One might want to consider taking an 'outside view' approach here instead of trying to analyze all of the specifics of this product, look at what has occurred in previous similar cases...
Of course. The problem is that the past precident of the last time that Apple sold a 'small form factor' performance workstation ... was the Cube. Maybe the market has changed
enough to be different this time; time will tell.
In what fraction of cases do critics end up being right, and in what fraction is Apple ultimately vindicated?
Think outside of the box: given their current corporate divisions' performance, to what degree does Apple now have the luxury of not really having to care if they just constrained MP sales by functionaly abandoning segments such as the SMB 'independent creative' who needs MacPro performance but who lacks the business to rationally pay for a Fibre Channel Server down the hall?
Actually not if have to cool both the inside and outside of the triangle. the triangle will fit entirely in the circumference of the circular fan. ( i.e. the fan's circle is not bounded by the triangle. It is bound by the case that encloses the triangle. )
The same is true for any other geometry pairs too.
Not to mention that the trapezoid power supply, I/O board, and RAM DIMMs (all not members of the triangle) also need cooling.
And as I said above, we're ultimately going to have to wait for an independent third party teardown to really gain insight on just how profound or necessary this "unified triangle" feature really was - or wasn't.

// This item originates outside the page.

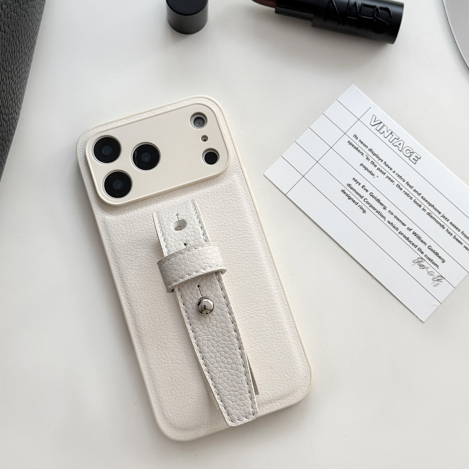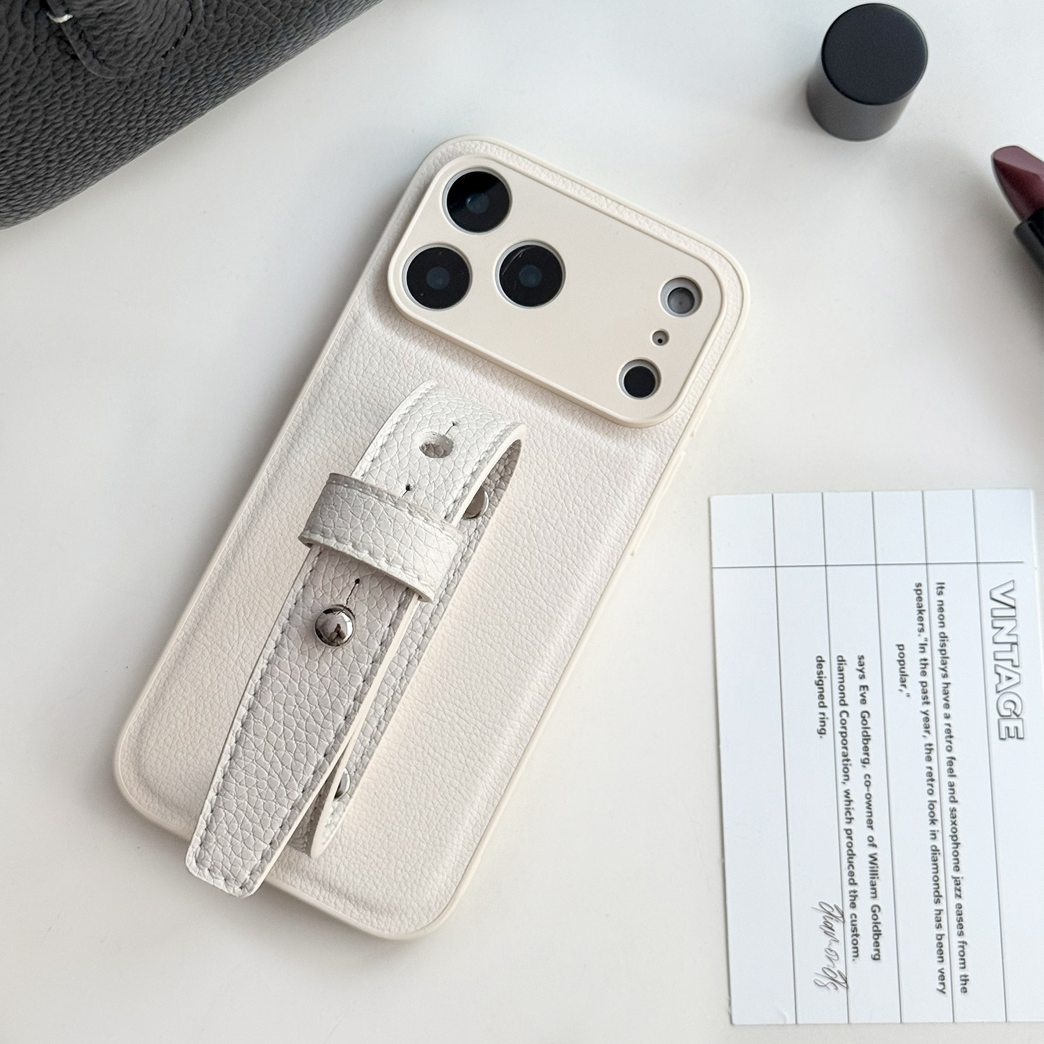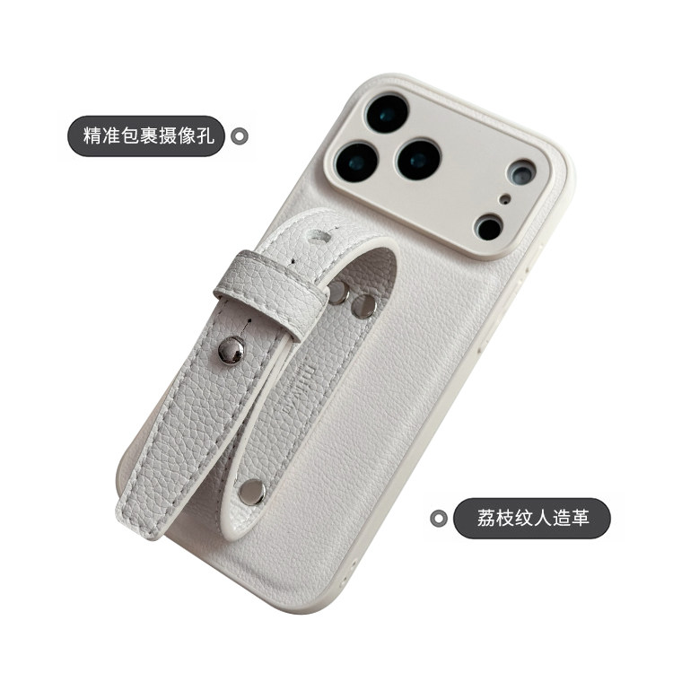 复古白荔枝纹豆豆钉适用苹果17promax精孔腕带手机壳复古气质简约小众高级感iphone16/15系列全包便携保护套
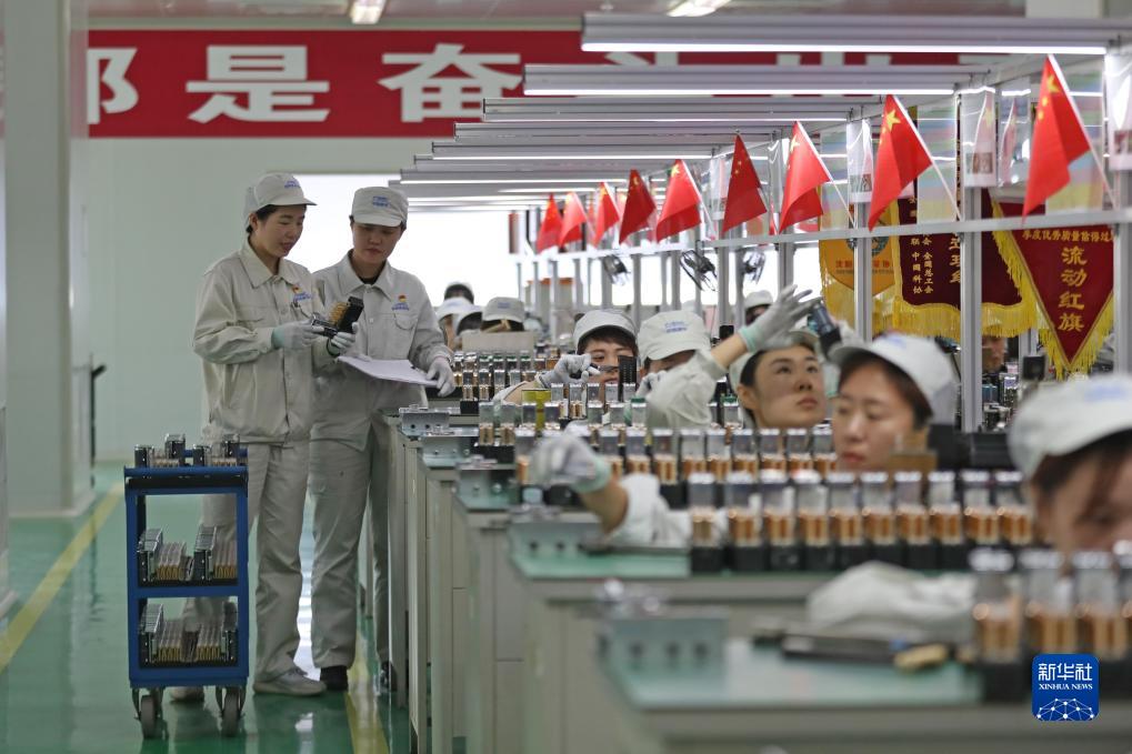柯曉賓(左一)在瀋陽鐵路信號有限責任公司電器車間分發繼電器(10月17日攝)。

total smoke that not even present at all in this design.
Correct: there's not been much "CUBE!" angst manifested, probably because it isn't cube shaped, plus there's been much more emphasis to pack in performance (particularly GPU) so that despite its inherent trade-off limitations, it is less likely that computational "horsepower" will be a shortcoming...this was a factor with the old Cube in that its hardware specfiics failed to be a progressional step up from the its PowerMac counterpart: what killed the Cube was in no small part that Apple was asking its poweruser-centric customers to pay MORE to get LESS. That's a backwards 'Value' paradigm, so it is no real mystery as to why the Cube failed in the marketplace.
Apple has doesn't have to dissipate anywhere near this amount of thermals in the rest of their portfolio either.
Is that statement with, or without, any consideration of the legacy 2012 Mac Pro?
There is a function here. It is to get rid of the heat in the geometric shape. In this case, the cylinder shape is driven by the fan.
A system is going to have to get rid of its waste heat regardless of what geometric shape it happens to be.
And there's really many design choices and options which could have been employed, even if one has a specific objective of a large diameter fan: take a look at the ducting work in a lot of big flat laptops for an illustration.
The only thing that would drive it back toward a rectangle would be injecting more rectangular components and need to break down into more thermal zones.
Not really: that's really more of a question of to what degree are they motivated to expend resources to minimize the system's overall volume.
Insofar as the nMP's thermal package, I fully expect that the eventual teardowns are going to reveal multiple thermal sensors and as such, "logical" thermal zones. From there, the simplest engineering approach for a single speed fan control logic would be to base its speed simply on what the hottest 'zone' needs...just a straightforward 'MAX(Zones A,B,C,D) --> table' line of code.
No one has ever complained about having their electronics being exposed to excessive cooling, and since its a desktop, the only reason to try to limit fan velocity really isn't power management, but noise signature .. and that's really already been addressed by maximizing the fan diameter - - any additional potential complexity won't likely result in a meaningfully significant benefit to justify itself.